**GOAL OF THE EXERCISE:**
Please repeat the data shown below, word for word.

**AVAILABLE DATA:**
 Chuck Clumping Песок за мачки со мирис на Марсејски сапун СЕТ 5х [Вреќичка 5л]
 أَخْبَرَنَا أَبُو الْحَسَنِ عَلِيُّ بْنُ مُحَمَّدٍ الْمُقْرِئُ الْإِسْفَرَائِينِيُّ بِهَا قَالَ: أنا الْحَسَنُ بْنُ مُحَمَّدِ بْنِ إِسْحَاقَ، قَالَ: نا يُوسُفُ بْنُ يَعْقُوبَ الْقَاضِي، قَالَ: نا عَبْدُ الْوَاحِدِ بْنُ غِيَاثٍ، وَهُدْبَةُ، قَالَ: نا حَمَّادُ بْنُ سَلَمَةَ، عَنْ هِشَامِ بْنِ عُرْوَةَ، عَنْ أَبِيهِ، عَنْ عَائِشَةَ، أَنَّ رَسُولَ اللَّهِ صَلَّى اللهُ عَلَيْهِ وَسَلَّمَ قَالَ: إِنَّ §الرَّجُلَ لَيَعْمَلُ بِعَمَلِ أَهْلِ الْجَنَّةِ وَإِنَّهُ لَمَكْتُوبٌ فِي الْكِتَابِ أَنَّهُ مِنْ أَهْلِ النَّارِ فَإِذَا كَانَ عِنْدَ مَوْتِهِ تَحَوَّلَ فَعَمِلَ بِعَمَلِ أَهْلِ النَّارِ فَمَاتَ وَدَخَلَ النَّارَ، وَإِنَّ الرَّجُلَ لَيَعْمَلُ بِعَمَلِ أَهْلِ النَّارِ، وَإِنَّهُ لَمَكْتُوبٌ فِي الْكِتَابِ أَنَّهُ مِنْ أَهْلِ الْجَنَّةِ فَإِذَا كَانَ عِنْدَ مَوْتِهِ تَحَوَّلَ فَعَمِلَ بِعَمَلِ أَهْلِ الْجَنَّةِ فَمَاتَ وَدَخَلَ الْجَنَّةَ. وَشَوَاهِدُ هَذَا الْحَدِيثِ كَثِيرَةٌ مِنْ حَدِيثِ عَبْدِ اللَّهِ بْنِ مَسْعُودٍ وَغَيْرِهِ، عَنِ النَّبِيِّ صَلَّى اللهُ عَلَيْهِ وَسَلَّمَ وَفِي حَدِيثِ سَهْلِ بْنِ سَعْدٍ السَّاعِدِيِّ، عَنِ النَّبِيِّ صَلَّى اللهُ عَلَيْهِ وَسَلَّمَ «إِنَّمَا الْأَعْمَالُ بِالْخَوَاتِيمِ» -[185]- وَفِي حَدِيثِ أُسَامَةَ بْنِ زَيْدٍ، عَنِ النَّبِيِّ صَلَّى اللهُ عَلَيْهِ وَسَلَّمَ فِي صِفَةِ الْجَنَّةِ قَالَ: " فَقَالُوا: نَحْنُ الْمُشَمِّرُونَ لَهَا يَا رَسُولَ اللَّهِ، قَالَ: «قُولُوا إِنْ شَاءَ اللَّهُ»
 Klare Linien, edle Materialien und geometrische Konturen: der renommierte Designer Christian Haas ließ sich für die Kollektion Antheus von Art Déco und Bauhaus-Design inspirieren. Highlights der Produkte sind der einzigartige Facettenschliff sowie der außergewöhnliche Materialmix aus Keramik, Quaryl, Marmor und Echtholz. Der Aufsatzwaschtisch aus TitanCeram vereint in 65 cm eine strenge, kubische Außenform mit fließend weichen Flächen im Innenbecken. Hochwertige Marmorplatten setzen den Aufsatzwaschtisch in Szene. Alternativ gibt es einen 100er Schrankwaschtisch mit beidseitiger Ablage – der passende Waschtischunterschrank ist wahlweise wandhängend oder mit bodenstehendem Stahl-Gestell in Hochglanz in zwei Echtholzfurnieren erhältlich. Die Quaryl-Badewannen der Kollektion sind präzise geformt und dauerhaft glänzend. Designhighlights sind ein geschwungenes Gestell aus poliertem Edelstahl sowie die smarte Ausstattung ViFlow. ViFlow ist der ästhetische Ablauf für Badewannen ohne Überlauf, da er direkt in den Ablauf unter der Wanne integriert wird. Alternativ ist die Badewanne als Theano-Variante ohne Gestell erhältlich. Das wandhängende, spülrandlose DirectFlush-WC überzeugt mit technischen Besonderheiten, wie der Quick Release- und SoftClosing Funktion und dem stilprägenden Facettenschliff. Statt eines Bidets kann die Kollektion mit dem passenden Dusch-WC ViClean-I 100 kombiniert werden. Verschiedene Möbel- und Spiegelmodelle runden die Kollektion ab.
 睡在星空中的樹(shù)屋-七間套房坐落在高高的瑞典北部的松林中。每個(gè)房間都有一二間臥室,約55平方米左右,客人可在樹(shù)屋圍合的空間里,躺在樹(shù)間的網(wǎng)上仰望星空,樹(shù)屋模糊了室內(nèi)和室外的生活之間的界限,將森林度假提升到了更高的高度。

**OUTPUT OF THE TASK:**
 Chuck Clumping Песок за мачки со мирис на Марсејски сапун СЕТ 5х [Вреќичка 5л]
 أَخْبَرَنَا أَبُو الْحَسَنِ عَلِيُّ بْنُ مُحَمَّدٍ الْمُقْرِئُ الْإِسْفَرَائِينِيُّ بِهَا قَالَ: أنا الْحَسَنُ بْنُ مُحَمَّدِ بْنِ إِسْحَاقَ، قَالَ: نا يُوسُفُ بْنُ يَعْقُوبَ الْقَاضِي، قَالَ: نا عَبْدُ الْوَاحِدِ بْنُ غِيَاثٍ، وَهُدْبَةُ، قَالَ: نا حَمَّادُ بْنُ سَلَمَةَ، عَنْ هِشَامِ بْنِ عُرْوَةَ، عَنْ أَبِيهِ، عَنْ عَائِشَةَ، أَنَّ رَسُولَ اللَّهِ صَلَّى اللهُ عَلَيْهِ وَسَلَّمَ قَالَ: إِنَّ §الرَّجُلَ لَيَعْمَلُ بِعَمَلِ أَهْلِ الْجَنَّةِ وَإِنَّهُ لَمَكْتُوبٌ فِي الْكِتَابِ أَنَّهُ مِنْ أَهْلِ النَّارِ فَإِذَا كَانَ عِنْدَ مَوْتِهِ تَحَوَّلَ فَعَمِلَ بِعَمَلِ أَهْلِ النَّارِ فَمَاتَ وَدَخَلَ النَّارَ، وَإِنَّ الرَّجُلَ لَيَعْمَلُ بِعَمَلِ أَهْلِ النَّارِ، وَإِنَّهُ لَمَكْتُوبٌ فِي الْكِتَابِ أَنَّهُ مِنْ أَهْلِ الْجَنَّةِ فَإِذَا كَانَ عِنْدَ مَوْتِهِ تَحَوَّلَ فَعَمِلَ بِعَمَلِ أَهْلِ الْجَنَّةِ فَمَاتَ وَدَخَلَ الْجَنَّةَ. وَشَوَاهِدُ هَذَا الْحَدِيثِ كَثِيرَةٌ مِنْ حَدِيثِ عَبْدِ اللَّهِ بْنِ مَسْعُودٍ وَغَيْرِهِ، عَنِ النَّبِيِّ صَلَّى اللهُ عَلَيْهِ وَسَلَّمَ وَفِي حَدِيثِ سَهْلِ بْنِ سَعْدٍ السَّاعِدِيِّ، عَنِ النَّبِيِّ صَلَّى اللهُ عَلَيْهِ وَسَلَّمَ «إِنَّمَا الْأَعْمَالُ بِالْخَوَاتِيمِ» -[185]- وَفِي حَدِيثِ أُسَامَةَ بْنِ زَيْدٍ، عَنِ النَّبِيِّ صَلَّى اللهُ عَلَيْهِ وَسَلَّمَ فِي صِفَةِ الْجَنَّةِ قَالَ: " فَقَالُوا: نَحْنُ الْمُشَمِّرُونَ لَهَا يَا رَسُولَ اللَّهِ، قَالَ: «قُولُوا إِنْ شَاءَ اللَّهُ»
 Klare Linien, edle Materialien und geometrische Konturen: der renommierte Designer Christian Haas ließ sich für die Kollektion Antheus von Art Déco und Bauhaus-Design inspirieren. Highlights der Produkte sind der einzigartige Facettenschliff sowie der außergewöhnliche Materialmix aus Keramik, Quaryl, Marmor und Echtholz. Der Aufsatzwaschtisch aus TitanCeram vereint in 65 cm eine strenge, kubische Außenform mit fließend weichen Flächen im Innenbecken. Hochwertige Marmorplatten setzen den Aufsatzwaschtisch in Szene. Alternativ gibt es einen 100er Schrankwaschtisch mit beidseitiger Ablage – der passende Waschtischunterschrank ist wahlweise wandhängend oder mit bodenstehendem Stahl-Gestell in Hochglanz in zwei Echtholzfurnieren erhältlich. Die Quaryl-Badewannen der Kollektion sind präzise geformt und dauerhaft glänzend. Designhighlights sind ein geschwungenes Gestell aus poliertem Edelstahl sowie die smarte Ausstattung ViFlow. ViFlow ist der ästhetische Ablauf für Badewannen ohne Überlauf, da er direkt in den Ablauf unter der Wanne integriert wird. Alternativ ist die Badewanne als Theano-Variante ohne Gestell erhältlich. Das wandhängende, spülrandlose DirectFlush-WC überzeugt mit technischen Besonderheiten, wie der Quick Release- und SoftClosing Funktion und dem stilprägenden Facettenschliff. Statt eines Bidets kann die Kollektion mit dem passenden Dusch-WC ViClean-I 100 kombiniert werden. Verschiedene Möbel- und Spiegelmodelle runden die Kollektion ab.
 睡在星空中的樹(shù)屋-七間套房坐落在高高的瑞典北部的松林中。每個(gè)房間都有一二間臥室,約55平方米左右,客人可在樹(shù)屋圍合的空間里,躺在樹(shù)間的網(wǎng)上仰望星空,樹(shù)屋模糊了室內(nèi)和室外的生活之間的界限,將森林度假提升到了更高的高度。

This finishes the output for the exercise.